What makes a cowboy?

When my kids were little, they used to travel with me when I went to nearby ranches to purchase cattle for the feed yard.

Looking back, it is hard to believe that my kids used to be this little!

One of the ranches that they visited was AL Ranch.  I’ll never forgot riding around in Al’s pickup truck looking at cattle that were about to ship to the feed yard, and my middle daughter (Megan—she was probably about 3) looking at Al and announcing, “You aren’t a REAL cowboy, you don’t have on the right hat…”. (Al was wearing a baseball style hat, instead of a cowboy hat).  I waffled between wanting to laugh and being embarrassed, but I was proud of Al—he took it right in stride like any good grandpa.  He looked at Megan and said,

“You know, it’s not the hat that makes the cowboy”.

Playing “cowgirl” is fun…

So, what makes a real cowboy?

Webster defines the word ‘cowboy’ as, “one who tends cattle or horses”.  I define it as a responsible and knowledgeable caregiver for cattle.  At the heart of any good cowboy is a love for both his animals and the land.  He (or she) puts the needs of his animals before his own needs.

I remember another time that I was up at Al’s place.  It was April and a spring snow storm had brought cold temperatures and bad weather conditions.  Al was in the middle of “calving” which means that his mama cows were having their babies.  The gestation period for a bovine (calf) is roughly the same as for a human, and a mama cow has a calf once per year.  Most calves in Nebraska are born in the springtime as the grass greens up and winter goes away.

The ice and snow can be beautiful, but they make "life" on a farm very difficult...

Springtime in Nebraska is notorious for being inconsistent, and this particular year we had very cold temperatures and snow even though it was April.  Al and his son-in-law were busy taking newly born calves into the “heat box” in the barn so that they would survive the weather.  They worked diligently for several long days until the weather cleared up.

Al is a good cowboy, no matter what type of hat he wears…

It's not the hat that makes the "cowboy"...

Calf #718 was born March 17th on a grass pasture close to Al’s house and corrals.  He spent the first couple months of his life in a place where Al could check on him frequently.  His mama took good care of him, and so did his “cowboy”…

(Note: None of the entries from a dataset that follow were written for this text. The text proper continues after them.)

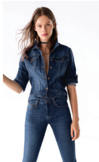
Denim Pantolon Lee Cooper rn İncele
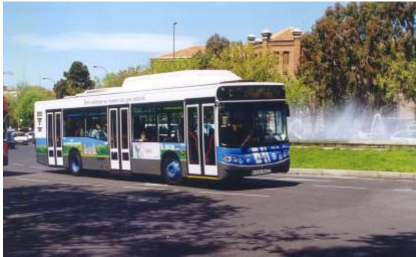
Autobús urbano a gas natural en Madrid

Previsiblemente, en un futuro próximo el número de vehículos a GNC se verá incrementado en 361 unidades más, debido a los planes existentes de ampliación de flotas de autobuses a gas natural de varias ciudades.
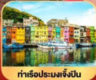
ท่าเรือประมงเจิ้งปิ่น
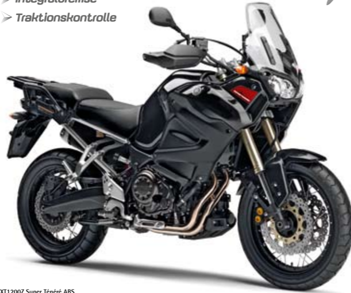
XT1200Z Super Ténéré ABS Midnight Black (SMX)
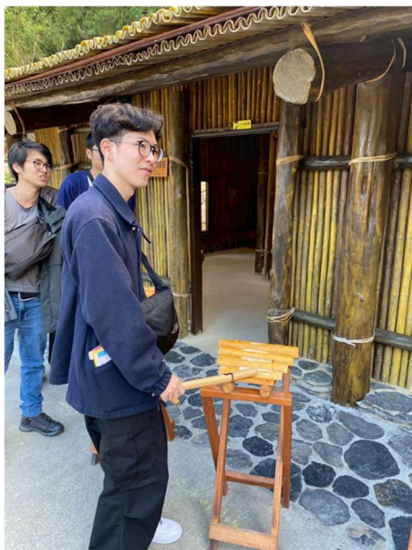
先住民族の楽器の体験

日月潭へ移動し、九族文化村で先住民族の歴史や文化を学習しました。民族で使用されていた楽器や弓矢の体験をしました。九族文化村周辺をロープウェイで移動し、日月潭の豊かな自然を堪能しました。
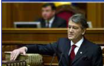
...присягаю на вірність Україні
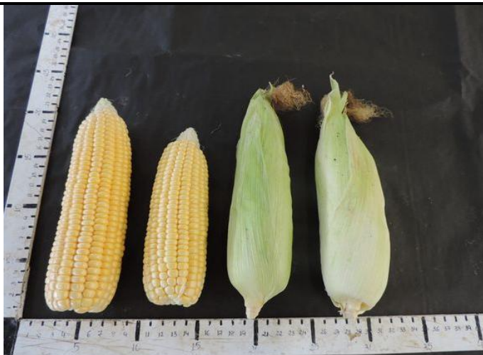
ZS-232 Y (ABBOTT & COBB)

Filed under Animal Welfare, Beef Life Cycle--Calf #718, General

3 responses to “What makes a cowboy?

  1. I just found your blog and love reading it, I have learned so many interesting things reading it. I live in central. florida now, growing up in Ohio. The cattle business here is very different from Ohio. I can see by blogs that I read it varies where ever you go.

    • Hi Ellie-

      I am glad that you like the blog and hope that you will continue to follow it! Thanks for your feedback.

      Anne Burkholder
      “Feed Yard Foodie”

  2. Hi Anne, thanks for the comments on my blog from the Nebraska corn-fed beef mission to Japan. I have been a follower of your blog for awhile and you do a great job of explaining things – especially terms that are easy for us ag folks to understand, but not for everyone. Keep up the good work and would love to feature your blog sometime on mine!